Site information
- Owner: Air Ministry
- Operator: Royal Air Force
- Controlled by: RAF Flying Training Command

Location
- RAF Bellasize RAF Bellasize
- Coordinates: 53°44′13″N 0°45′43″W﻿ / ﻿53.737°N 0.762°W
- Grid reference: SE817724
- Area: 33 acres (13 ha)
- Height: 12 feet (3.7 m)

Site history
- In use: April 1916 – May 1919 November 1939 – July 1945
- Battles/wars: European theatre of World War II

Airfield information
Runways
| Direction | Length and surface |
|  | 2,000 feet (610 m) Grass |

= RAF Bellasize =

Former RAF flying station in Yorkshire, England

Royal Air Force Bellasize, also known as RAF Bellasize, was a former RAF airfield in the hamlet of Bellasize, near Gilberdyke, East Riding of Yorkshire, England. Originally opened in 1916, Bellasize was one of only four Yorkshire-based RAF locations to see use in the First and Second World Wars. Flying at Bellasize was sporadic and training based, with the site not being used in an offensive capacity during the Second World War.

==History==
Bellasize appears to have been equipped with just one runway, which was a grass strip measuring 2,000 ft angled in a north east/south west direction across a rectangular field. There are no records of any hangars or permanent buildings at the site.

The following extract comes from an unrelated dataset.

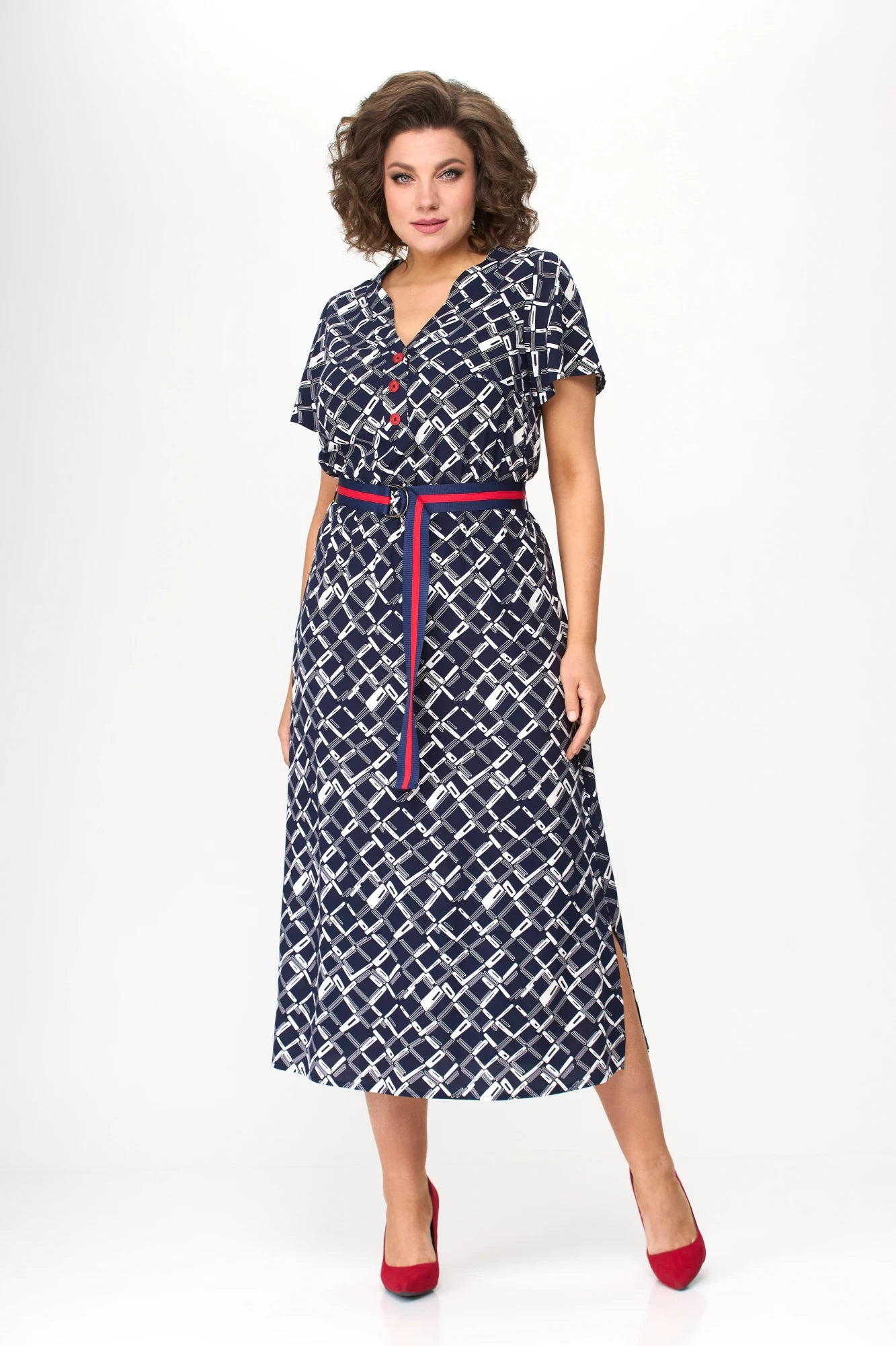 54,56Платье полуприлегающего силуэта, отрезное по линии талии.

The site was opened in April 1916 as a 1st class landing ground. It was originally used by No. 33 and No. 76 Squadrons in the Home Defence (HD) role, even though its proximity to the River Ouse meant that the airfield was often flooded; Bellasize was only 12 ft above sea level. The site was handed over to the Royal Air Force in April 1918, and then relinquished a year later in April 1919.

However, during the Second World War, the site was reactivated, and covered an area of 33 acres, measuring 420 yard by 380 yard. Bellasize was one of only four sites used by the RAF in the First and Second World Wars, (the other being Driffield, Doncaster and Catterick). For the entire period of the war, Bellasize belonged to RAF Flying Training Command, and was used as relief landing ground (RLG) by No. 4 Elementary Flying Training School RAF (No. 4 EFTS). No. 4 EFTS was based at nearby Brough Aerodrome, and the increased use of Bellasize was due to the prevalence of aircraft movements at Brough originating from the aircraft factory. Flying at RAF Bellasize ceased in July 1945.

The site has been converted back to farmland.